I've collected data comparing the relative success of two different groups of participants on finding the answer to a difficult question. The problem is that not all the participants in the control group managed to reach the answer within the allotted time (30mins for both groups). However, all the participants in the experimental group managed to reach the answer in less than 30mins. The difference between the two groups is just shy of significant using a regular t-test with time as the dependent variable. However, this test excludes the data for the 3 participants in the control condition that didn't managed to solve the problem in the allotted time despite the fact that we know it would have taken them more than 30mins to solve the problem (seeing as they had yet to solve the problem before the 30 min time limit ended).
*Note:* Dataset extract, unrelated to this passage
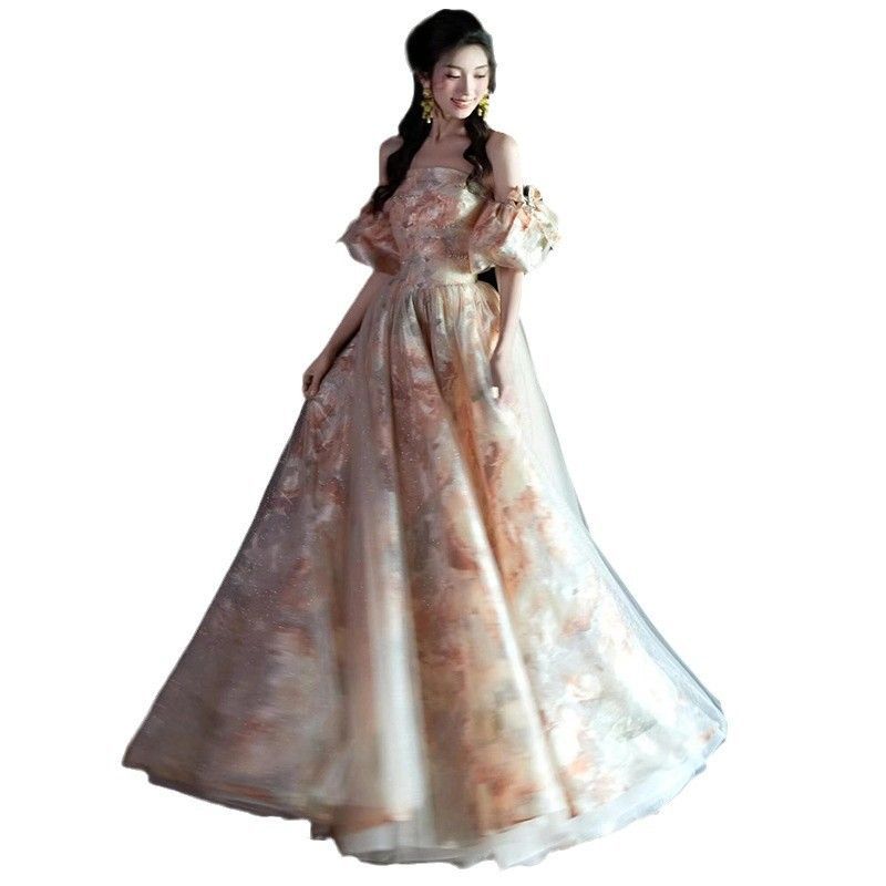 レディース パーティードレス 2025新款 新婦用 晨袍デザイン 敬酒服 在逃公主風 订婚式 芸考 成人式 ワンピース 感-10.16
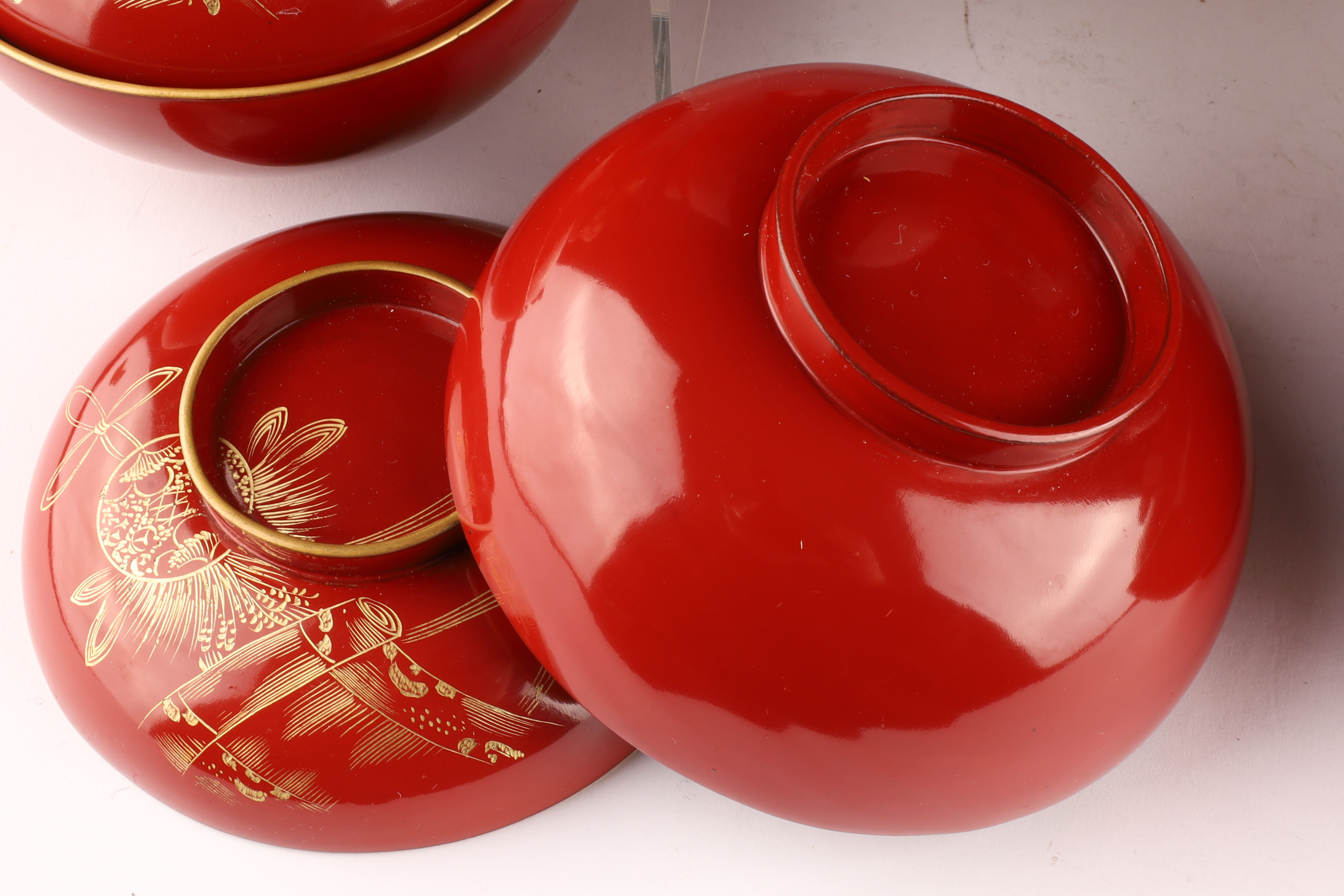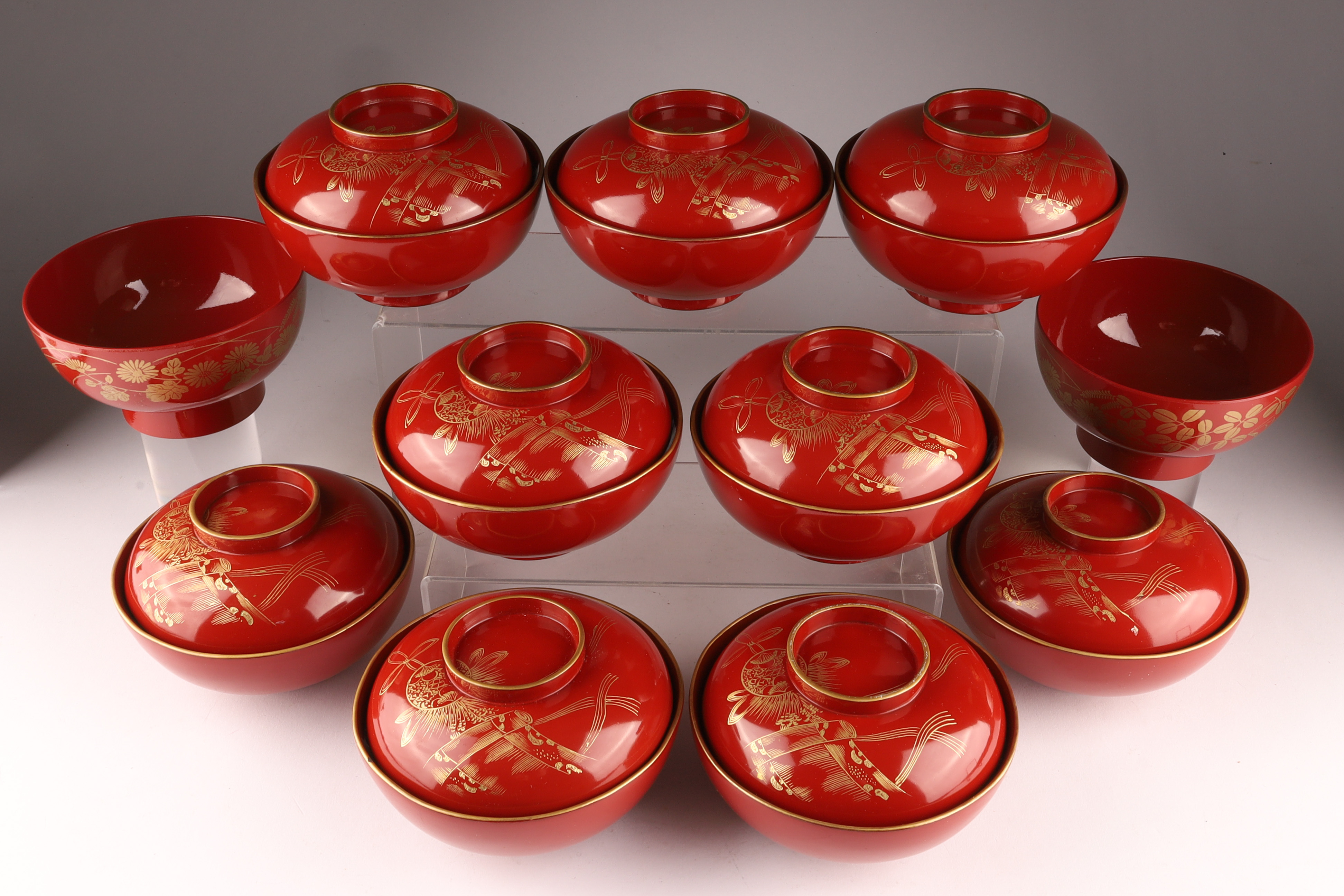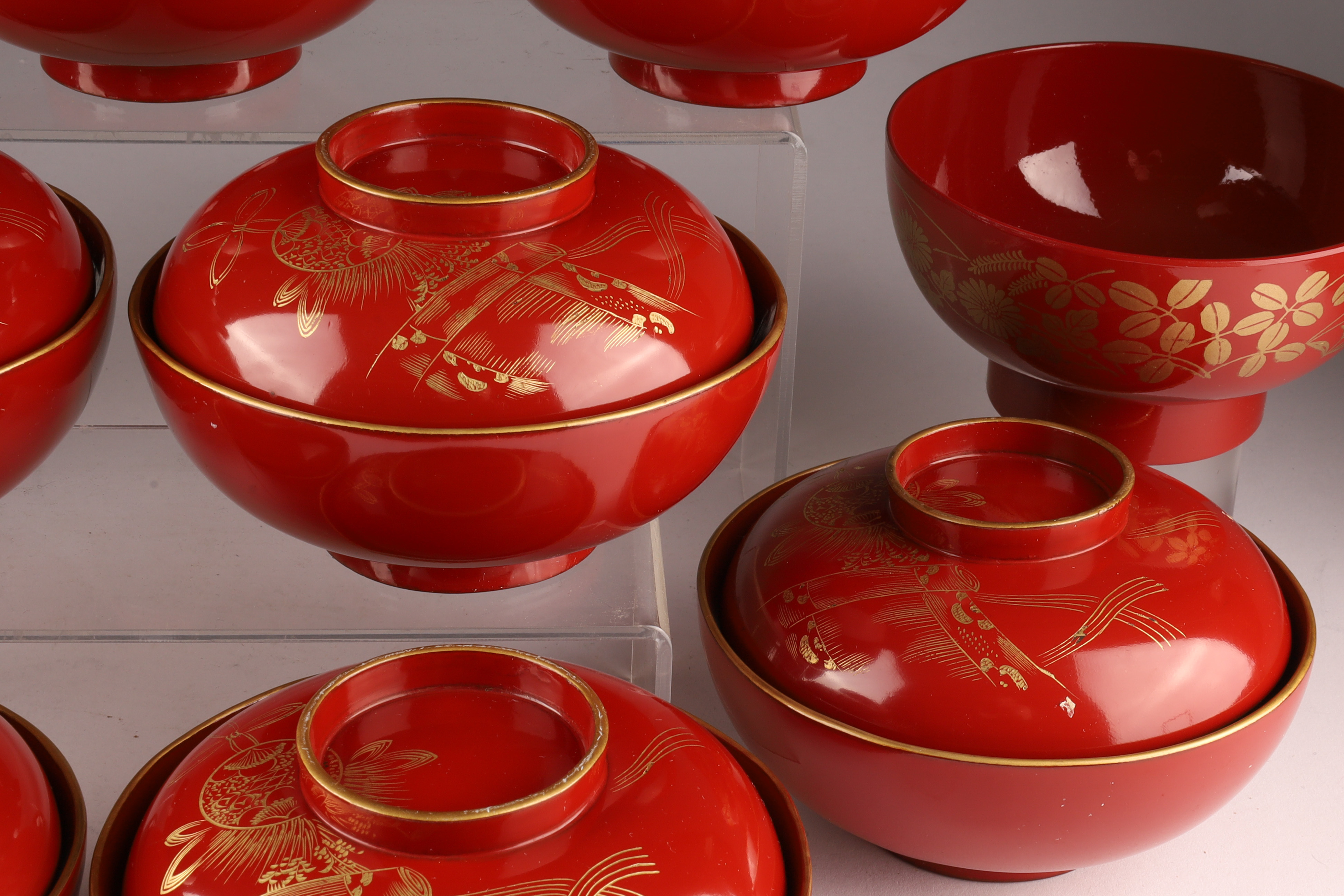Set of 9 Chinese or Japanese Gilt Lacquer Lidded Bowls, 2 Bowls

Curious, I set each of these censored values to 30mins, performed a t-test, and my p-value dropped to 0.049, barely significant. However, this is under the presumption that each of these individuals in the control group would have reached the answer the instant the time limit was reached, which is obviously unlikely.
So I started checking out how to analyze censored data, but I hit a snag when I started looking into the assumptions behind the kaplan-meier survival analysis (which seemed like the most reasonable method for analyzing my data). It appears you're only allowed to use the kaplan-meier if there is an even degree of censoring between each of your groups, which is certainly not true for my group as the experimental group had no censoring at all. When I ran a log rank test anyways in SPSS I was even more stumped, the significance value for the was worse than my original t-test.
Am I using the right test? If not which kind of test should I use? I haven't really gotten deep into the mathematics behind survival analysis but I'd be happy to learn a bit. Any help would be appreciated.